WORK INSTRUCTION: When you reach the line below that has "Rafales de vent", start returning lines exactly, and stop after the line that has "Take flight with"; skip the pictures.

DATA FOR PROCESSING:
════════

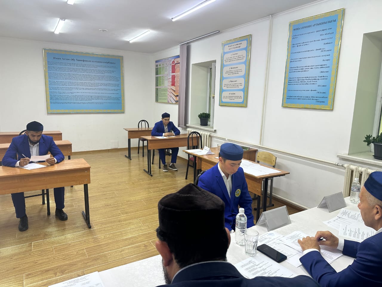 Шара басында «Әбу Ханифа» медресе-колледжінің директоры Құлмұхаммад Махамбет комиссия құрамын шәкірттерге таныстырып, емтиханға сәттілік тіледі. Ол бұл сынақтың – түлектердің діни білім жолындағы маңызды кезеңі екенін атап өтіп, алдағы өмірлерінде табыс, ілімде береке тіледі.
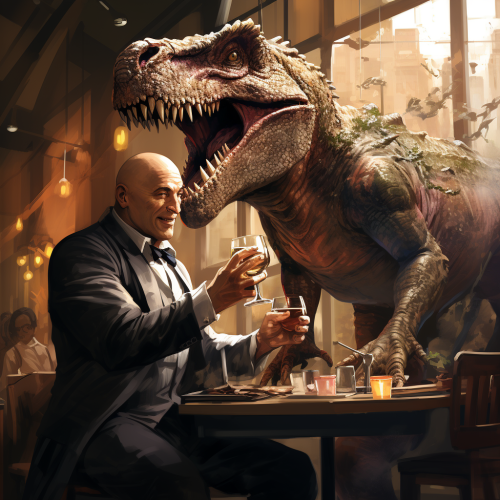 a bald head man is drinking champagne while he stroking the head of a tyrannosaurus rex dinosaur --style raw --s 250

════════

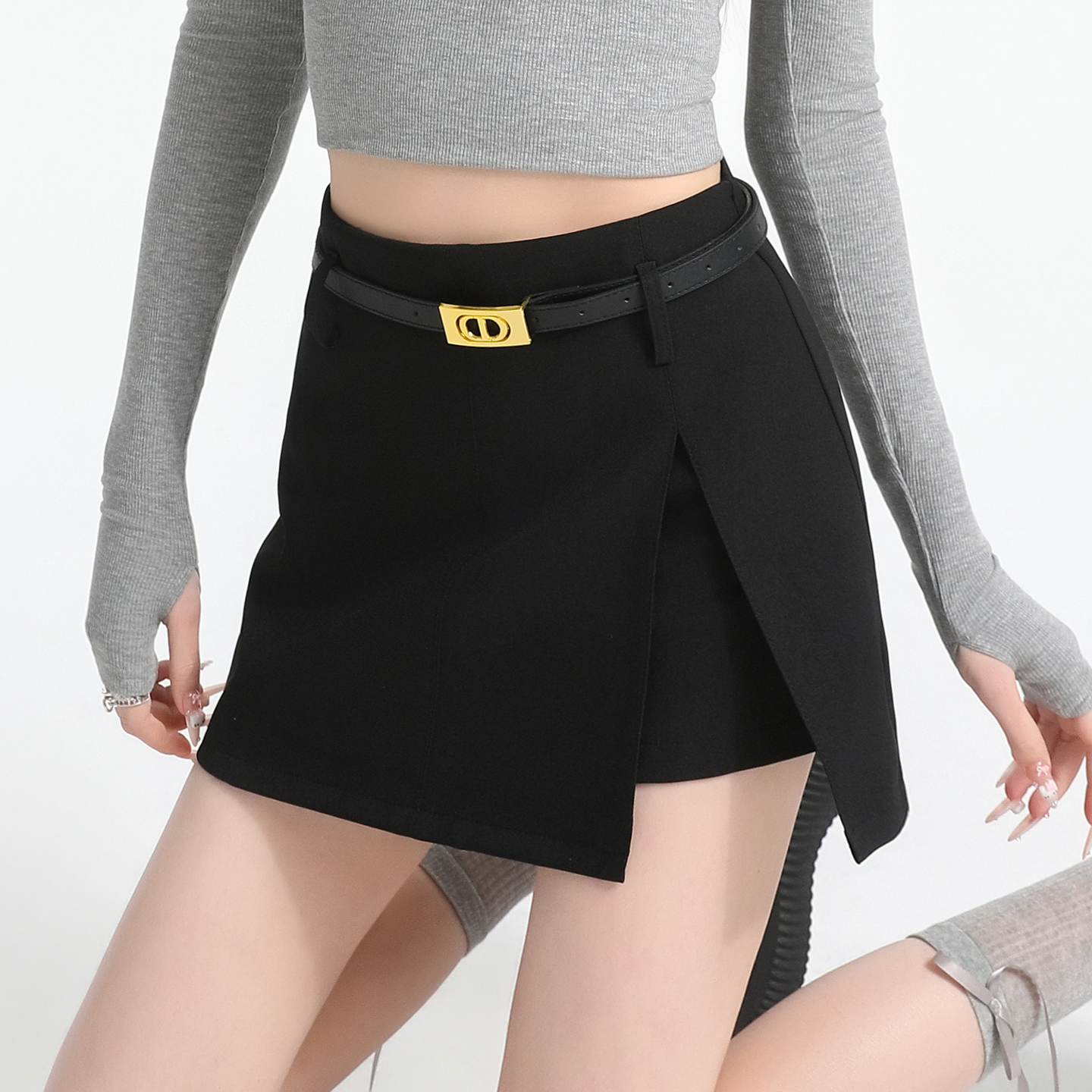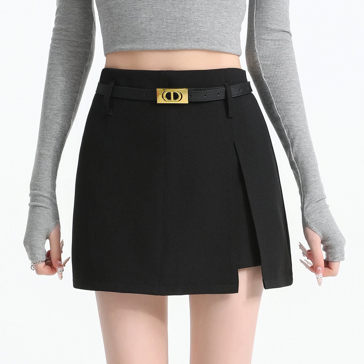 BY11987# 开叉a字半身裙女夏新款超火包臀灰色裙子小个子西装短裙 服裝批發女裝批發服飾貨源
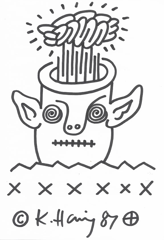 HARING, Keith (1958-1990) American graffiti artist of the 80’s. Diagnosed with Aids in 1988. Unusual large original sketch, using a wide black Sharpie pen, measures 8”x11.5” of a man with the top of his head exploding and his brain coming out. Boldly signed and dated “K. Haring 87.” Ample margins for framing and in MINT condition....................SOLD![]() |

════════

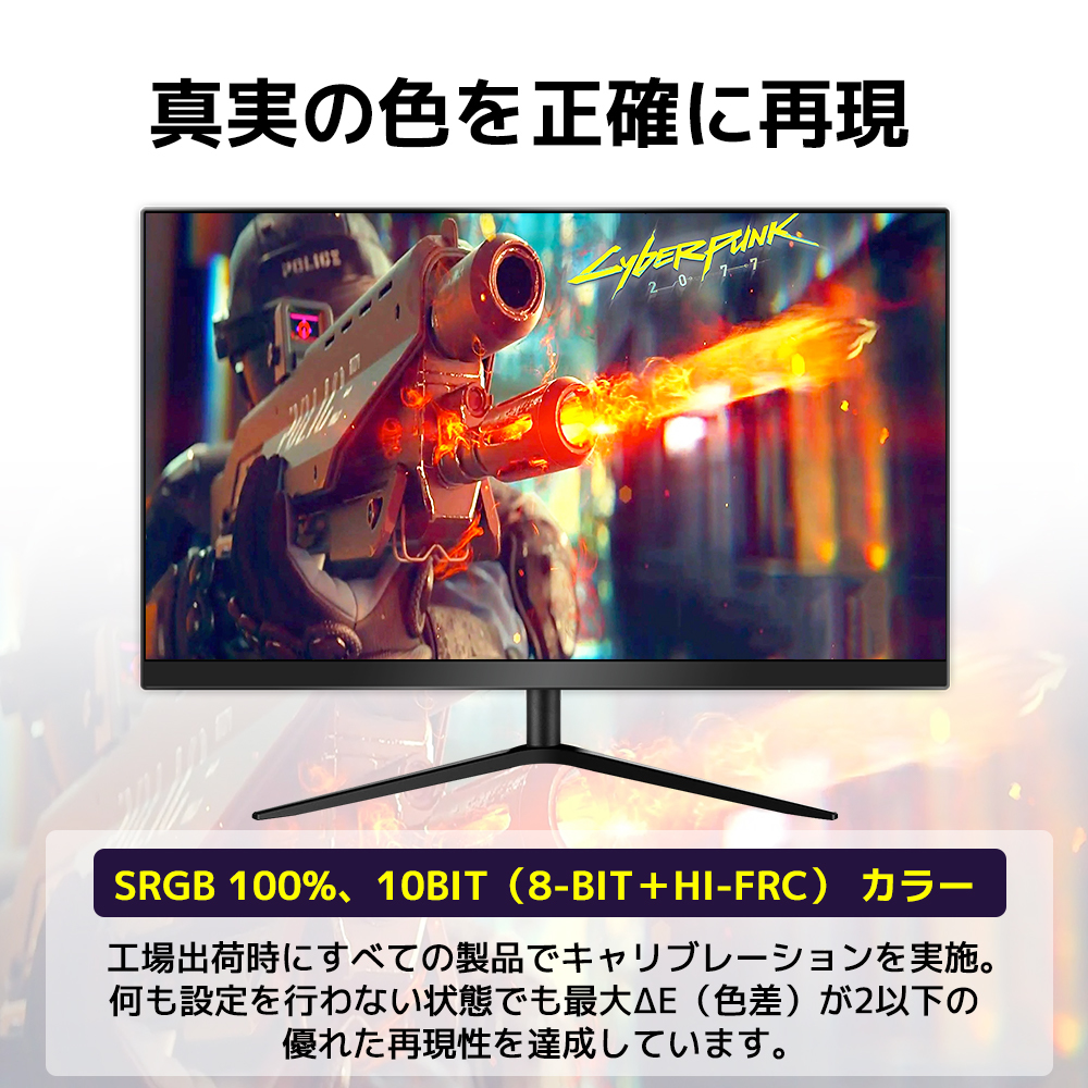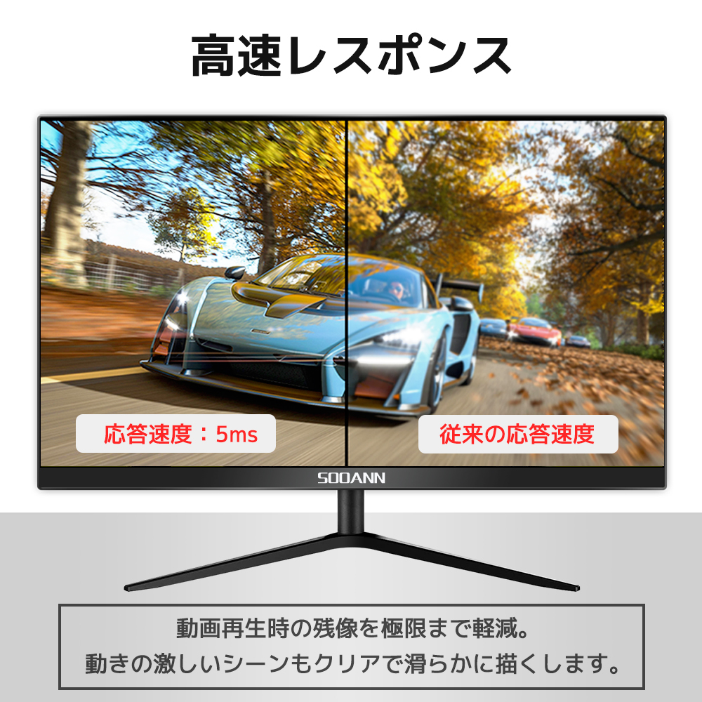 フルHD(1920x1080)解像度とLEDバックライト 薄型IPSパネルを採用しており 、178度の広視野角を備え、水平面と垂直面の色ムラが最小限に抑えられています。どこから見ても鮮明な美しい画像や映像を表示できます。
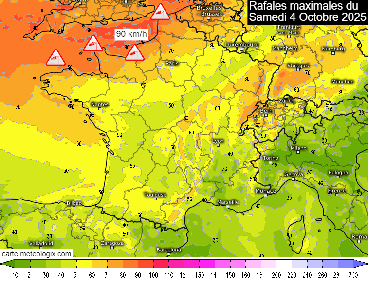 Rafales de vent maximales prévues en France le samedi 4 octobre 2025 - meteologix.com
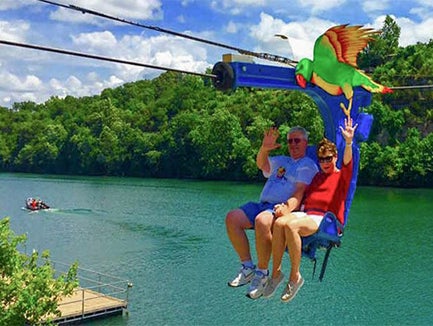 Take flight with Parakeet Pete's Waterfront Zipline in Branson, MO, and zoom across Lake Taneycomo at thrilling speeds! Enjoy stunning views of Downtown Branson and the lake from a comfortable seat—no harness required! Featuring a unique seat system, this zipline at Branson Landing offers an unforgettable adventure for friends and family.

════════

RESULT OF THIS TASK:
 Rafales de vent maximales prévues en France le samedi 4 octobre 2025 - meteologix.com
 Take flight with Parakeet Pete's Waterfront Zipline in Branson, MO, and zoom across Lake Taneycomo at thrilling speeds! Enjoy stunning views of Downtown Branson and the lake from a comfortable seat—no harness required! Featuring a unique seat system, this zipline at Branson Landing offers an unforgettable adventure for friends and family.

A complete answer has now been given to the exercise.